JCOMはなぜコールセンターの応対品質評価に「最終ポジティブ率」を置いたのか ー 顧客インテント150種類から3,000種類へ、AHT40%削減目標の読み方

JCOM株式会社の2025年4月1日のニュースリリースによると、同社は生成AIによる通話の感情分析から得られる「最終ポジティブ率」がNPS(顧客推奨度)と相関すると判断し、2025年度からオペレーターの応対品質評価の重要指標に採用した(同社発表・2025年4月時点)。コールセンターの評価指標といえばAHT(平均処理時間)や応対品質モニタリングが定番のなか、なぜ同社は「通話が終わるときに顧客の感情がポジティブになっているか」を評価軸に置けたのか。本記事では、公開情報から同社の指標設計を時系列で読み解く。言えるのは同社発表と報道ベースの事実および筆者の見立てであり、言えないのは非公開の運用実態や実測の詳細である。数字はすべて発表主体と時点を明示する。
1章 公表事実の時系列

[2024年7月][報道: Google Cloud Japan説明会(2025年9月1日)由来]生成AIツール「JAICO」をカスタマーセンターに導入。Google の Gemini と Google Cloud を用いた内製ツールで、開発はアクセンチュアが支援(ロボスタの報道・報道ベース)
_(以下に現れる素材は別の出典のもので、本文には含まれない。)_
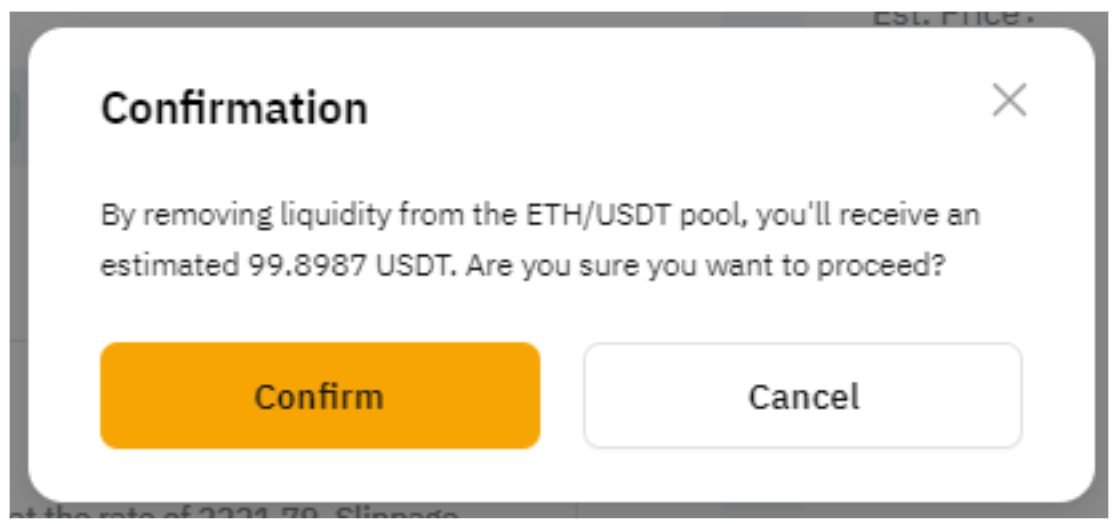Шаг 2. Выберите пул ликвидности для изъятия токенов и проверьте количество токенов, которое вы получите. Пожалуйста, еще раз проверьте детали, а затем нажмите Удалить ликвидность.
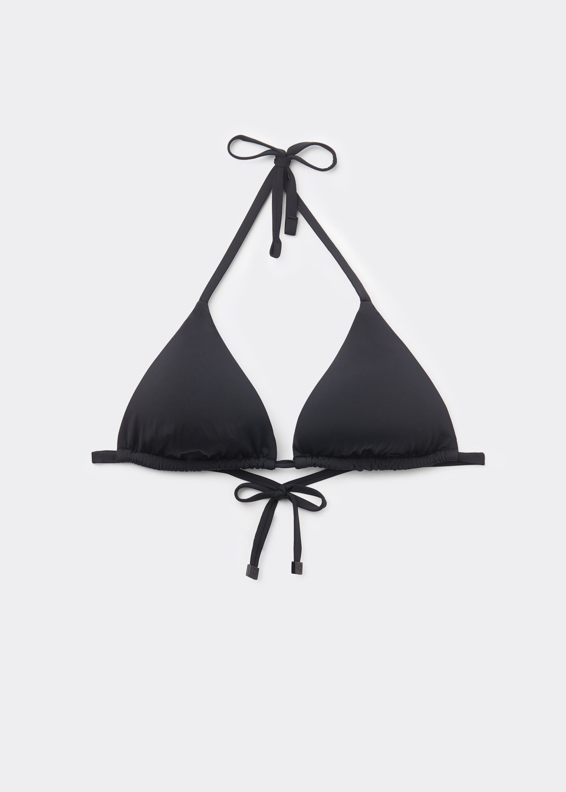 Slide triangle bikini top with removable padding, wireless for a natural effect. The extremely soft fabric makes it pleasant to wear, offering a light and comfortable feel on the skin. The shoulder straps have eyelets on the ends so they can be hooked onto the back band or tied behind the neck. Back string tie closure.

[2025年4月][発表主体: JCOM]生成AIを人事評価・運用改善・育成に活用すると発表。入電時と切電時の感情を分析し、その転換率「最終ポジティブ率」がNPSと相関すると判断、2025年度から応対品質評価の重要指標に採用(同社発表)
[2025年4月][発表主体: JCOM]顧客インテント(問い合わせ意図)の分類を150種類から3,000種類へ拡張。国内14拠点(2025年4月時点・同社発表)。月1,500時間以上(オペレーター約10名分に相当)の業務削減は同社発表の実績
[2025年9月][報道: Google Cloud Japan説明会由来]JAICOはオペレーター1,000名超が利用し、月20万件超の応対要約を生成、年間約3,600万円のコスト削減に相当と紹介(説明会報道ベース・同社リリースには記載なし)
この並びで見るべきは、感情分析による評価指標の採用(2025年4月)が単発の思いつきではなく、その前年からの通話テキスト化・要約基盤(JAICO)の整備の上に載っている点だ。全通話の要約が月20万件規模で自動生成される基盤が先にあり、その出力に感情ラベルを付ける拡張として「最終ポジティブ率」が成立している。